А я думаю о последней поездке Павла в Москву. Конечно же он не к сестре, а
к Вере ездил. И когда случилась беда, а если называть своими словами, то
преступление, он кинулся обратно, домой, и ему было не до прощания с
сестрой. А ехал он, наверное, для решительного объяснения с Верой.
- Скажите, - обращаюсь я к Ольге Гавриловне, - вы не обратили внимание,
Павел получал письма из Москвы?
- Получал...
Она вдруг поднимает голову и с нескрываемой тревогой, пытливо смотрит мне
в глаза.
- Неужто там... что случилось?.. - шепчет Ольга Гавриловна, и ее пальцы
снова судорожно сцепляются на коленях, как бывает, когда человек готовится
ощутить сильную боль.
И это ожидание боли вдруг передается и мне. Я тоже незаметно для себя
понижаю голос и с беспокойством спрашиваю:
- С кем?.. С кем могло там что-то случиться?
Но тут взгляд Ольги Гавриловны внезапно гаснет, она опускает голову.
- Почем я знаю... - прежним тусклым, безжизненным голосом произносит она.

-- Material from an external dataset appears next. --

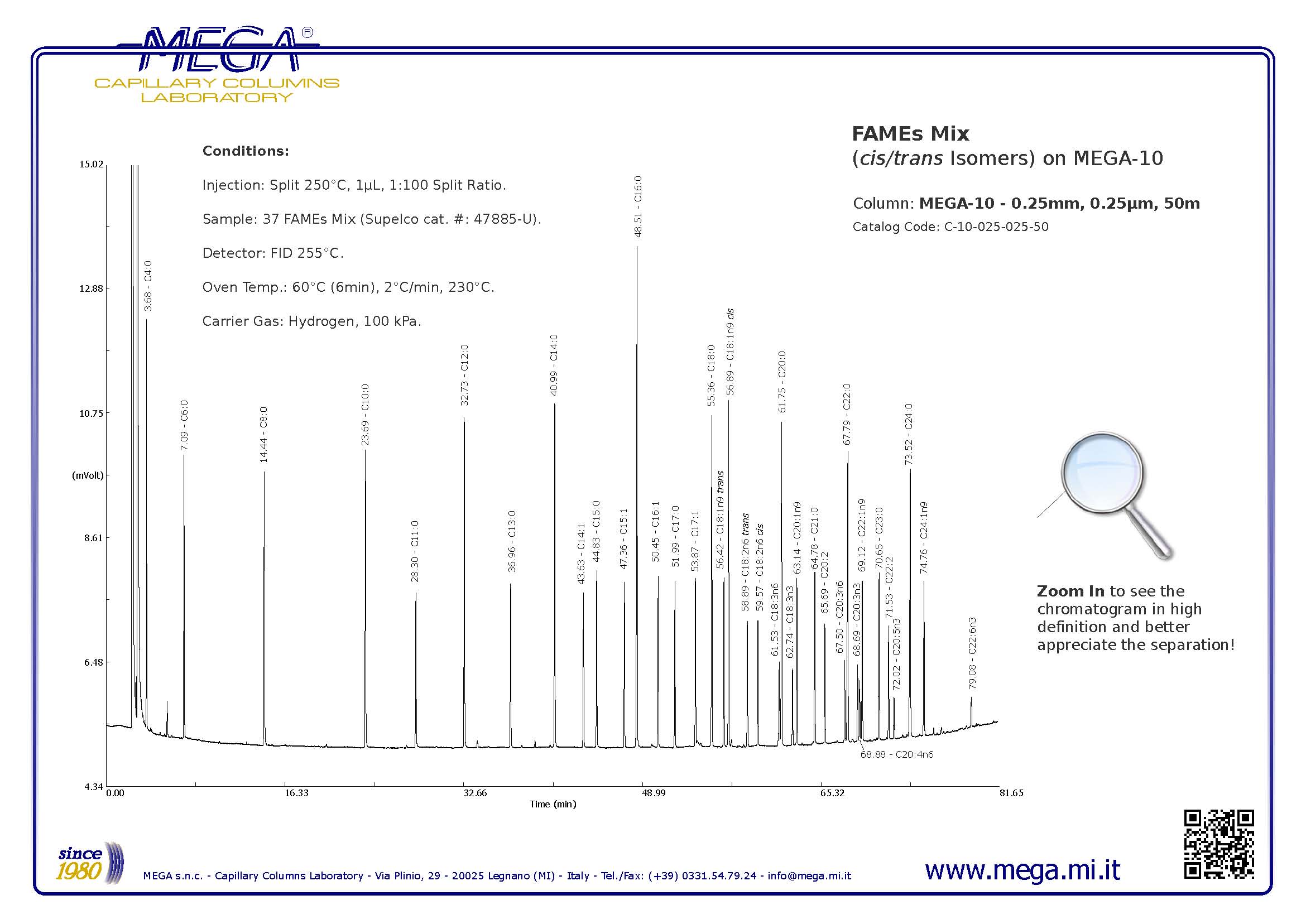 1,以50米長度的MEGA-10石英毛細(xì)管柱分離37種脂肪酸甲酯,效果可以媲美其它品牌50米長度的產(chǎn)品,不僅縮短了分離時(shí) 間,而且大大降低了產(chǎn)品成本。

И я с необычайной ясностью вдруг ощущаю, что эта женщина что-то
недоговаривает и чего-то боится. Неужели она знает, что произошло в
Москве? Знает и молчит? Невероятно! Впрочем... Это же ее сын. Которого она
уже раз теряла. Который бежал и попался... Уголовник Пашка-псих...
Которого Вера...
Я чувствую, что все больше запутываюсь, что уже не верю себе, своим
впечатлениям, своим чувствам и своим выводам. Мне все время чего-то не
хватает. Чего же мне не хватает?
- Расстроенный, значит, вернулся? - спрашиваю я почти машинально, занятый
своими мыслями.
- Страх какой приехал, - кивает поникшей головой Ольга Гавриловна. - А
сегодня вот Пес пришел...
Только сейчас, когда она в третий раз упоминает эту кличку, до моего
сознания доходит наконец так внезапно возникшая и, кажется, весьма опасная
ситуация, в которой оказался Павел. Впрочем, это еще вопрос, для кого она
опасная. Возможно, для Павла, а возможно, и для кого-то еще, если эта
шайка задумала преступление. А она, видимо, что-то задумала, об этом
говорил вчера Василий Иванович.
- Кто такой Пес? - спрашиваю я.
- Ленька Шебунин. Судили его вместе с Павлом.
- Не за грабеж?
- Кажись, да. По другой статье, одним словом.
- И уже вышел?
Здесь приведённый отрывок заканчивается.